Doctors initially thought the pain was related to her gall bladder and released her after the pain subsided, but she returned two days later complaining of extreme pain.

Dr. Talia Shepherd told ABC Radio Perth said "She was so unwell that we had to take her to theatre straight away to extract whatever it was, and it turned out to be a 7-centimeter piece of orthodontic wire from braces she had 10 years earlier."

The BMJ article read "The wire penetrated through the small bowel and the small bowel mesentery and to another loop of the mid-small bowel."
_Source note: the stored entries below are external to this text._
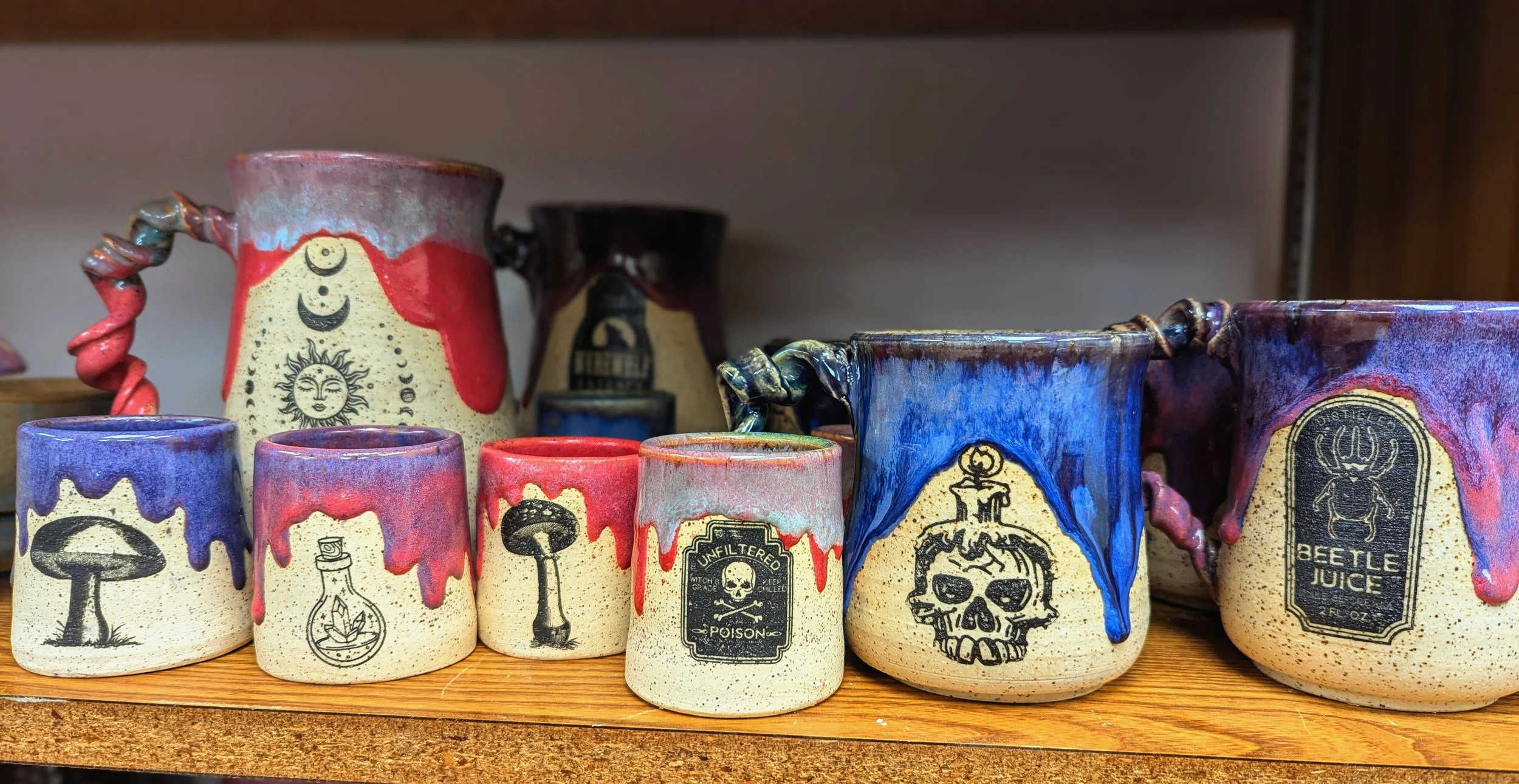 West Jensen is a queer artist living and working in Pocatello Idaho with his wife and child. He is skilled in a variety of mediums with an intense focus in and interest in functional pottery. His work explores a sense of nostalgia for a time that never really existed. He takes occult and fantasy imagery, mixes them with vivid intense glazes, and a deep appreciation for the beauty of bare clay to make whimsical and functional pottery.
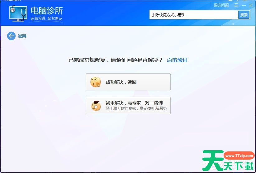 3、在“电脑诊所”搜索地址栏里输入“去除快捷方式小箭头”→点击“搜索”;
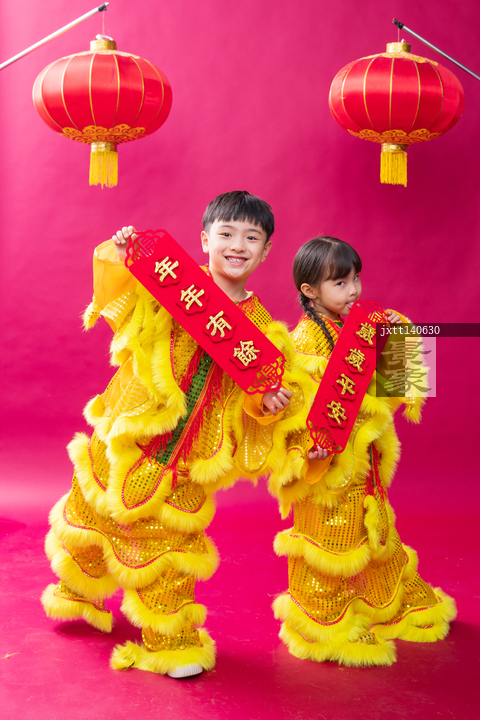 图片标题:     舞狮子的男孩女孩庆祝新年

At first doctors suspected the woman might have swallowed a fish bone, but the woman had no recollection of swallowing one.

The item was actually a wire from the woman's dental braces, which she had removed 10 years earlier, Shepherd discovered.

Shepherd told CNN "I think it was probably just sitting there in her stomach the whole time, and then when the small bowel was punctured, that's when the pain started."

The wire had pierced the intestine in multiple spots and began to twist around on its own, obstructing the intestine and causing a condition known as volvulus.

"The chances of swallowing a wire from your braces are very low," she said. "There might be a higher chance if you're sedated and undergo a dental procedure. But this is a very unusual case.''

Shepherd said the situation was incredibly uncommon and people with braces shouldn't be concerned about a similar incident.

Shepherd also told Popular Science it's common for people to swallow objects, but it usually doesn't take more than a decade to be noticed.

She further added "The case is so unique because normally if you swallow something like that it presents (itself) earlier."